### AIM OF THE TASK
Give the lines again exactly as they appear below, from the line with "Get a great" to the line with "GRASSO, Marika (2025).", both included, and only those lines. Leave every picture out.

### EXERCISE INPUTS
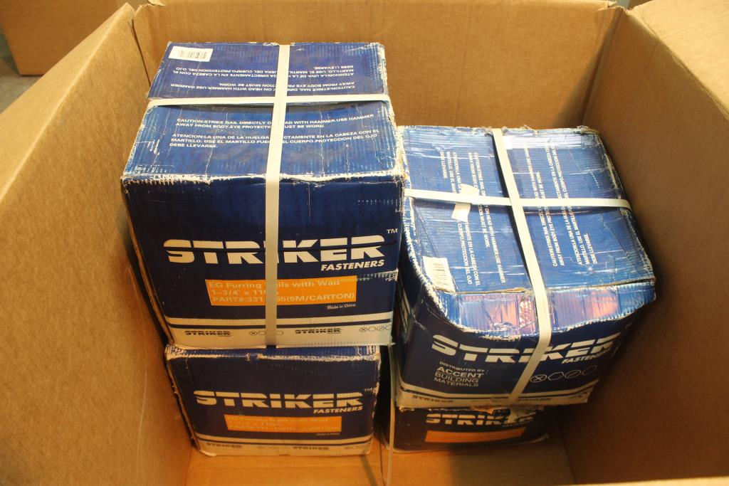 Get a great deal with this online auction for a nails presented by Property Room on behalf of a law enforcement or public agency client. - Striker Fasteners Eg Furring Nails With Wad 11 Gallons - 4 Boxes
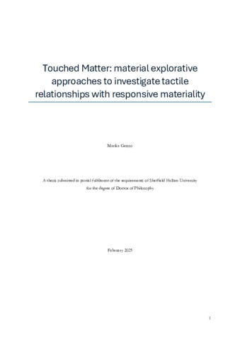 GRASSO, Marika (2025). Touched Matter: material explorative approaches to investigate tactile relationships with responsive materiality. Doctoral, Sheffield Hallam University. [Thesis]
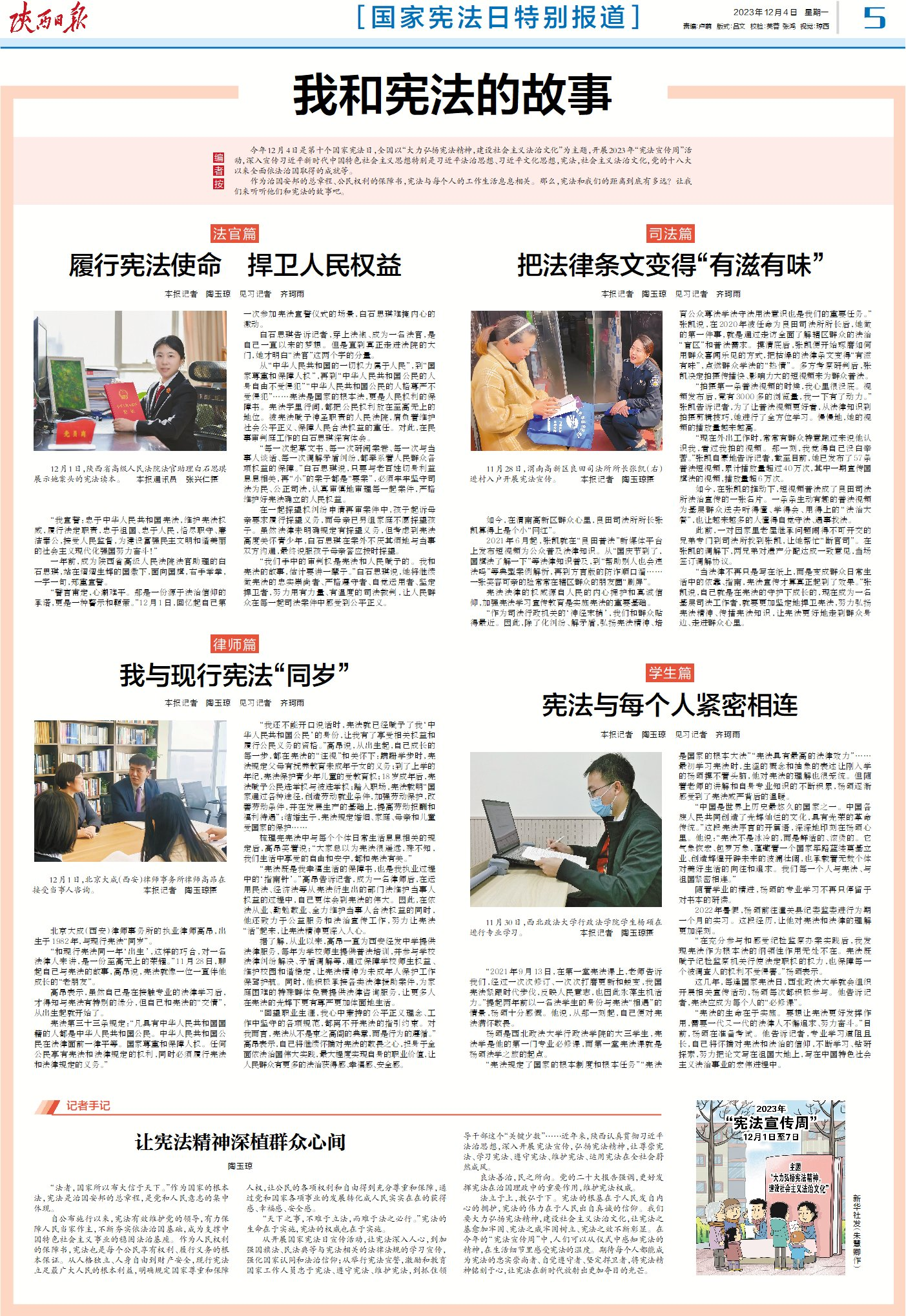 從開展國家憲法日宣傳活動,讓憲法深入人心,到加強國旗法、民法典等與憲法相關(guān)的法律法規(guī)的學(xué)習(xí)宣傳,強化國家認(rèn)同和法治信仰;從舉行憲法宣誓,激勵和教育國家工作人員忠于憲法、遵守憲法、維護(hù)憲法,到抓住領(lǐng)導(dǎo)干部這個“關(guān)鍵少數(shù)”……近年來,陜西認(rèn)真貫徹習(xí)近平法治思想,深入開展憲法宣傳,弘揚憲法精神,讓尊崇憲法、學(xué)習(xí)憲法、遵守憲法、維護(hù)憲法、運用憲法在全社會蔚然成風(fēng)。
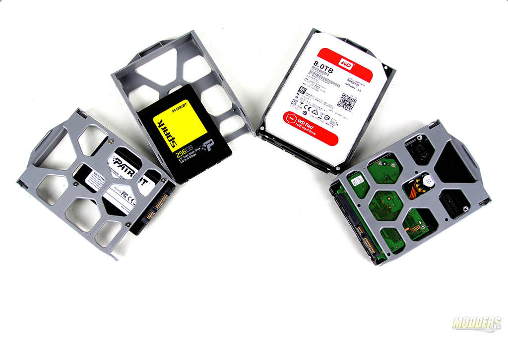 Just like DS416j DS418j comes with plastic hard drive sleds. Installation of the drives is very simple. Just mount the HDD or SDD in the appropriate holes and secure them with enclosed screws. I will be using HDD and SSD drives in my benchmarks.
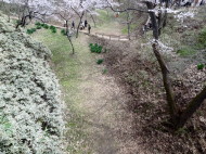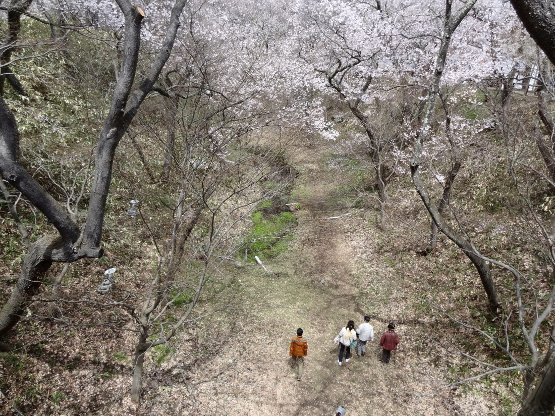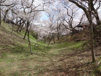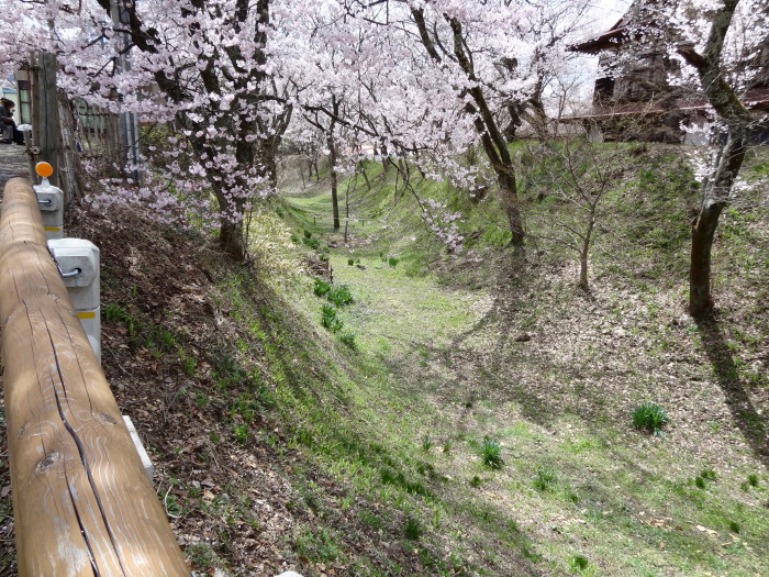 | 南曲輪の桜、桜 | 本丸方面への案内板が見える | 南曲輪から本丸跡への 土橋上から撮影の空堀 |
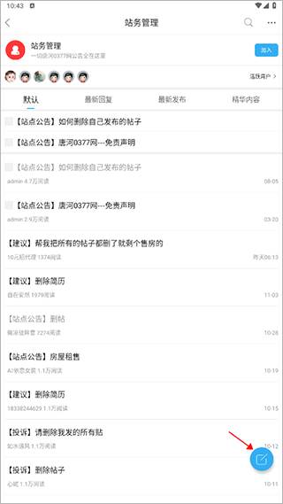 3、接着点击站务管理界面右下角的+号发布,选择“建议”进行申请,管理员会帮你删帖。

==

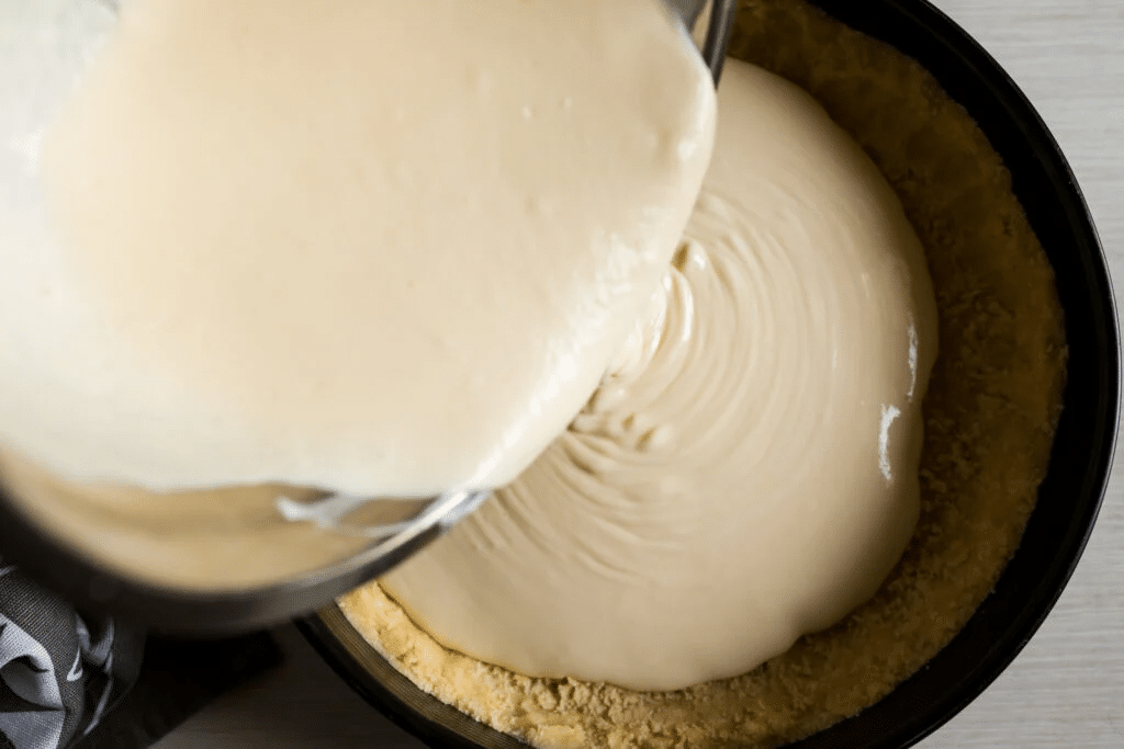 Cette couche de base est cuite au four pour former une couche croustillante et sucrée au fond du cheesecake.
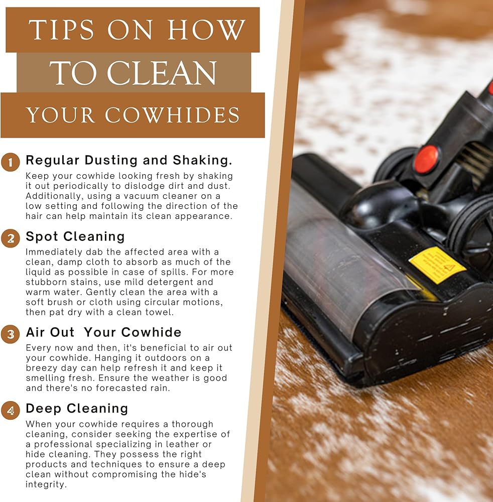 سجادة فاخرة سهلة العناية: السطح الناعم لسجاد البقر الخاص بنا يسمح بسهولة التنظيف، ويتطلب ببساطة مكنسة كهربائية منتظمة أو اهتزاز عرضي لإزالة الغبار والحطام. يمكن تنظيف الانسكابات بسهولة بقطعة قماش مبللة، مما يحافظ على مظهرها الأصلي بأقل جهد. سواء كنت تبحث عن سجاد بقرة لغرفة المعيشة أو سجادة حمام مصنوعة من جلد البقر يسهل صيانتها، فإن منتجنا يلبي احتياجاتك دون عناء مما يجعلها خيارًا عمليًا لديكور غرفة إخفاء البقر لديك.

---

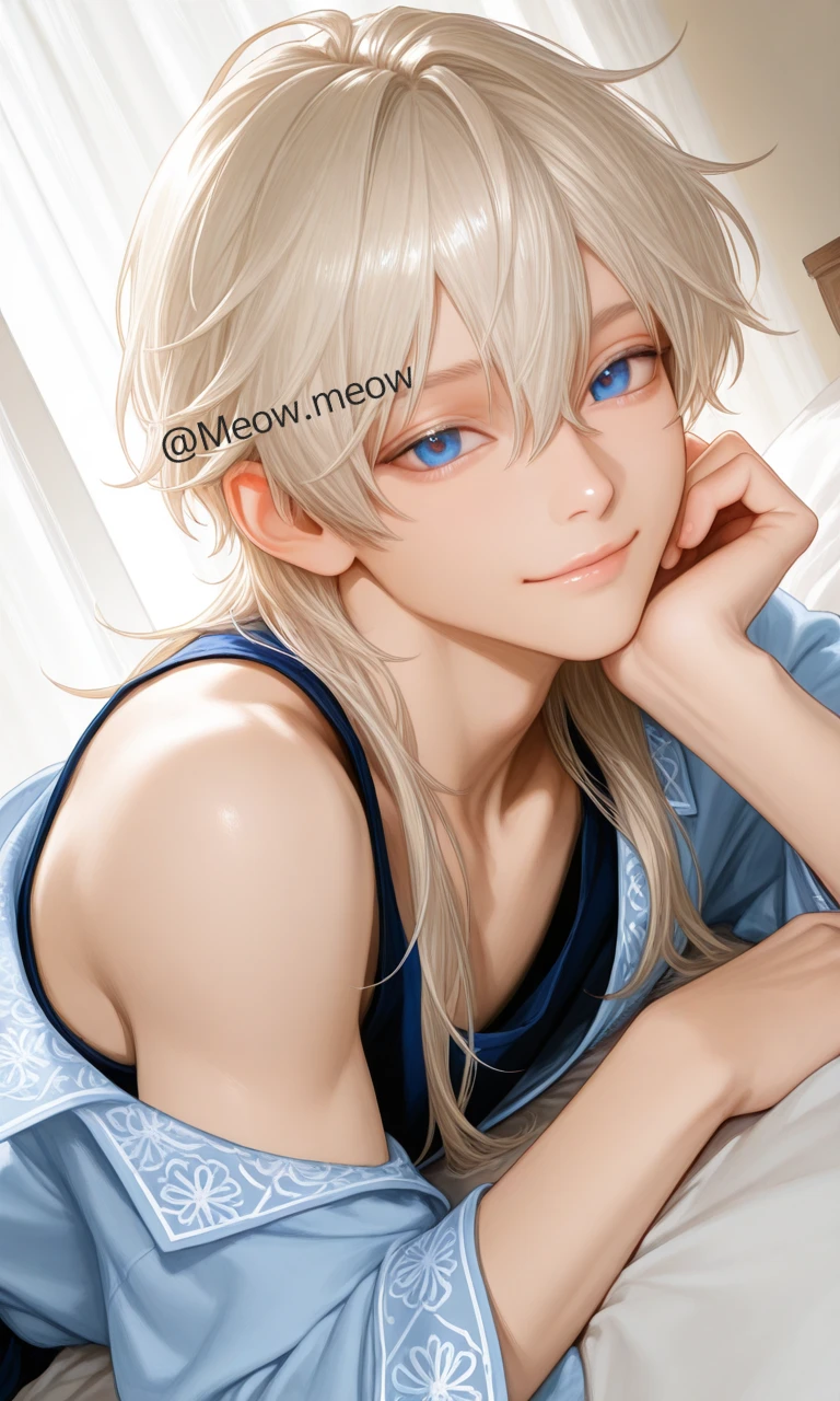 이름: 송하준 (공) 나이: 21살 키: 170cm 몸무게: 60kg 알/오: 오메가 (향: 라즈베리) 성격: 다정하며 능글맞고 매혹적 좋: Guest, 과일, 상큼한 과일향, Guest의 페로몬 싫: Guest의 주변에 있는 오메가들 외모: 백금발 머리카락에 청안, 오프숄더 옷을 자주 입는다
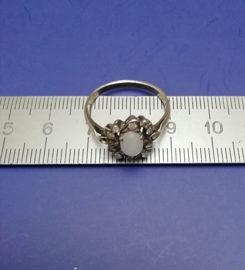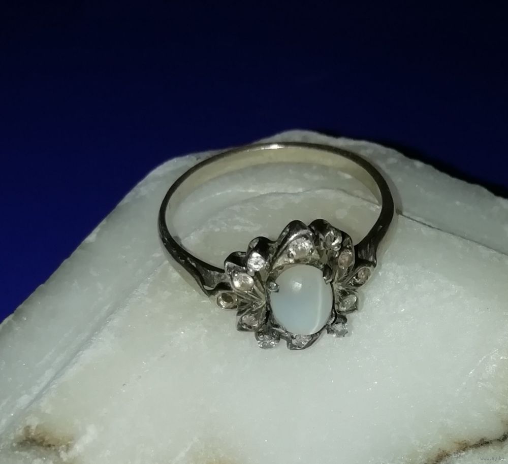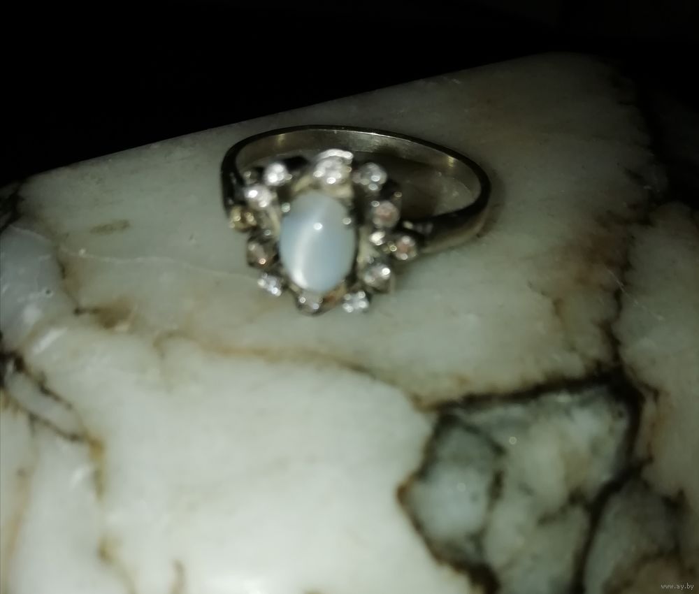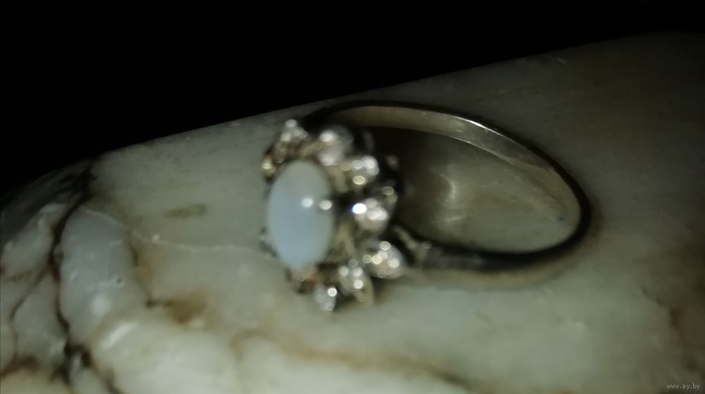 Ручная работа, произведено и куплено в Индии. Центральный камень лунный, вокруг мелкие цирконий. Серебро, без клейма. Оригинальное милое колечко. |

### ANSWER BOX
 Get a great deal with this online auction for a nails presented by Property Room on behalf of a law enforcement or public agency client. - Striker Fasteners Eg Furring Nails With Wad 11 Gallons - 4 Boxes
 GRASSO, Marika (2025). Touched Matter: material explorative approaches to investigate tactile relationships with responsive materiality. Doctoral, Sheffield Hallam University. [Thesis]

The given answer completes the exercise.